Invité pour un débat sur l'indépendance des journalistes animé par Daniel Schneidermann et mis en ligne sur arretsurimages.net, Jean-Baptiste Rivoire, rédacteur-en-chef adjoint de "Spécial Investigation" et délégué syndical SNJ-CGT, a pris son courage à deux mains pour décrire la censure quotidienne que subit sa rédaction. Le journaliste avait déjà été la cible de la direction après l'affaire Crédit Mutuel, qui souhaitait lancer une procédure de licenciement, avant de se rétracter. "Quand Vincent Bolloré initie cette censure grave, et il n'y a pas que le Crédit Mutuel, on avait aussi une enquête sur la BNP, autant vous dire qu'il n'y a plus aucun producteur qui ne nous a envoyé un projet d'enquête sur le monde bancaire. Il n'y aura plus d'enquêtes sur les banques à Canal+", a-t-il raconté.
Il est revenu ensuite sur ses difficultés désormais à proposer des sujets. "On est soumis à un comité d'investigation tous les deux mois. On doit aller avec nos petits projets voir la direction et demander l'autorisation de faire des enquêtes. En gros, sous l'ancienne direction, ça passait à 80 ou 90% des cas. Depuis que Vincent Bolloré est sorti des fougères et a manifesté son pouvoir dans l'entreprise, ça se passe beaucoup plus mal. On est retoqué régulièrement", a-t-il poursuivi, ajoutant qu'à sa dernière réunion, sa rédaction a proposé onze sujets et qu'elle a reçu sept refus.

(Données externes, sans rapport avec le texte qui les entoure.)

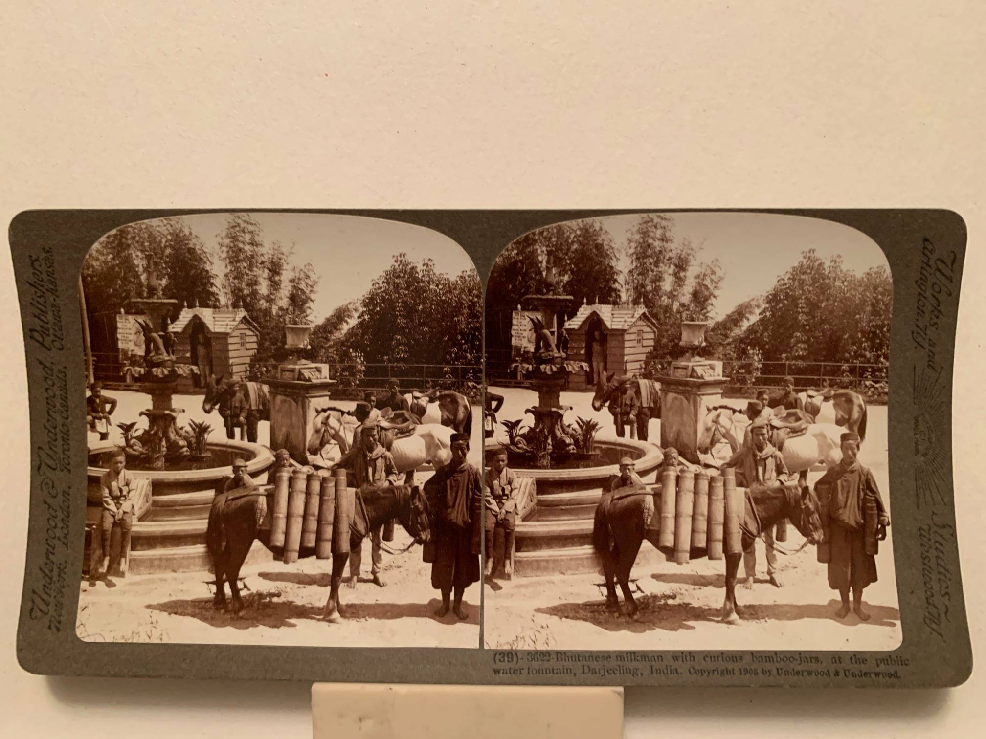 Bhutanese milkman with curious bamboo-jars, at the public water fountain, Darjeeling, India.

Déterminé à révéler les censures de sa direction, Jean-Baptiste Rivoire a décidé de lister les sept enquêtes dont Canal+ n'a pas voulu : "Volkswagen, entreprise de tous les scandales", "Le monde selon YouTube", "François Homeland" (une enquête sur le président et les guerres), "Attentats : les dysfonctionnements des services de renseignement", "Les placards dorés de la République" (sur les emplois fictifs dans la haute fonction publique), "La répression made in France" (comment la France exporte des outils de répression, à des régimes pas toujours recommandables), et "Nutella, les tartines de la discorde".